- Insurance companies offering plans in the Affordable Care Act exchanges are entitled to receive cost-sharing reduction (CSR) payments that were stopped in late 2017, two U.S. Court of Federal Claims judges have ruled in separate cases, including a class-action lawsuit representing more than 90 payers.
- The judges ruled in orders filed late last week that a lack of specific appropriation of CSR funds from Congress does not mean the payments are not owed. In a case brought by L.A. Health Care Plan, Judge Thomas Wheeler wrote that the payer "should not be left 'holding the bag' for taking our Government at its word."
- In three of the cases, Chief Judge Margaret Sweeney ruled that insurers were owed CSR payments for 2018 in addition to 2017. That decision is key because in 2018 many payers sought relief from the lack of CSRs through the practice of silver loading, or increasing premiums of silver tier ACA plans to prompt inflated premium tax credits. The government argued insurers would be, in effect, double dipping if they also received CSRs for 2018, but Sweeney ruled the tax credits and CSRs "are not substitutes for each other."
CSR payments, which were meant to help insurers cover the cost of sicker beneficiaries who need more health services, have been an ongoing source of tension between payers and the federal government. Litigation began in November 2014, when Republicans in the House of Representatives sued HHS, making the appropriations argument Federal Claims judges just ruled against.
In October 2017, the Trump administration abruptly halted the payments, prompting lawsuits from Democratic state attorneys general and ire from insurance companies. Despite the stop in payments, and numerous other efforts to undermine the ACA, the exchange markets are seeing healthy competition and payers are finding profitability, according to Kaiser Family Foundation reports.
In a blog post on Health Affairs, Katie Keith, principal at Keith Policy Solutions, said she knows of at least a dozen lawsuits payers have brought against HHS seeking CSR payments — and insurers have now won half of them. Many remain in various stages of appeal.
The latest rulings are good news for payers that have offered ACA exchange plans, especially smaller, regional insurance companies without significant budgets. Maine Community Health Options said it is owed about $42 million in CSRs for 2017 and 2018, while L.A. Health Care Plan seeks about $64 million.
The two payers that had already won lawsuits seeking the missing CSR payments are Sanford Health Plan and Montana Health Co-op. Those cases were consolidated upon appeal and are now before the U.S. Court of Appeals for the Federal Circuit. That court ruled in June on a separate case with implications for the CSR lawsuits. The three-judge panel decided against Moda Health Plan, which it said was not owed outstanding risk corridor payments under the ACA. The insurers in Moda Health Plan have asked the U.S. Supreme Court to hear their appeals.
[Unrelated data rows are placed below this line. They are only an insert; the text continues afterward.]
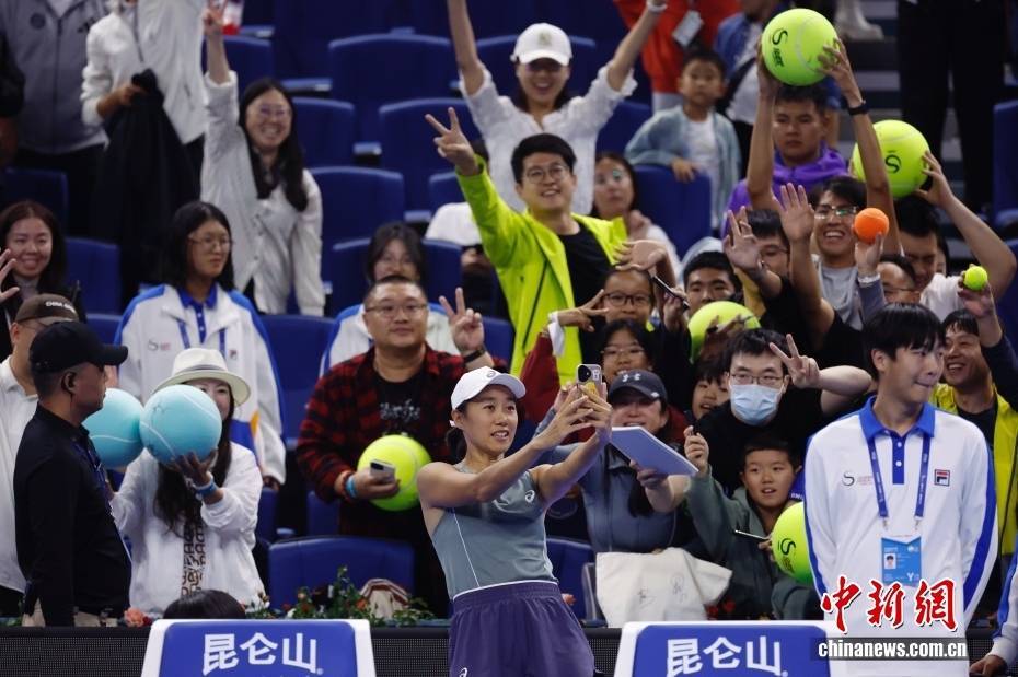 9月24日,在北京进行的2025中国网球公开赛女单第一轮中,中国选手张帅以总比分2比1战胜扎哈洛娃,晋级下一轮。图为张帅在比赛后与球迷互动。中新社记者 韩海丹 摄返回搜狐,查看更多
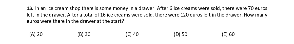 Q13. In an ice cream shop there is some money in a drawer. After 6 ice creams were sold , there were 70 euros left in the drawer. After a total of 16 ice creams were sold , there were 120 euros left in the drawer. How many euros were there in the drawer at the start?
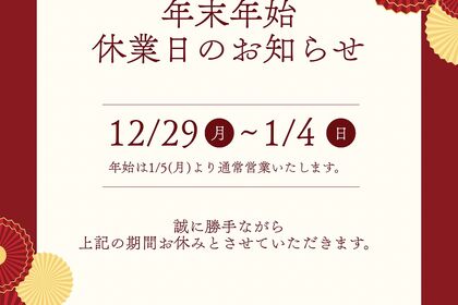• 年末年始の営業日のお知らせ

The judges' determination that silver loading by payers is not relevant to whether they are owed CSR payments could push HHS to act on a previous threat of banning the practice. The department declined to do so for 2020 ACA plans but did ask for comment on prohibiting silver loading for 2021 plans.
Keith argues, however, that such a ban would be inefficient. "This could result in ongoing litigation and would undermine the value of premium tax credits for millions of consumers," she wrote. "Indeed, it has taken these insurers more than one year to recover unpaid CSRs from 2017 alone. If anything, the government should reassess its position on CSR funding to avoid paying higher premium tax credits and unpaid CSRs from the Judgment Fund."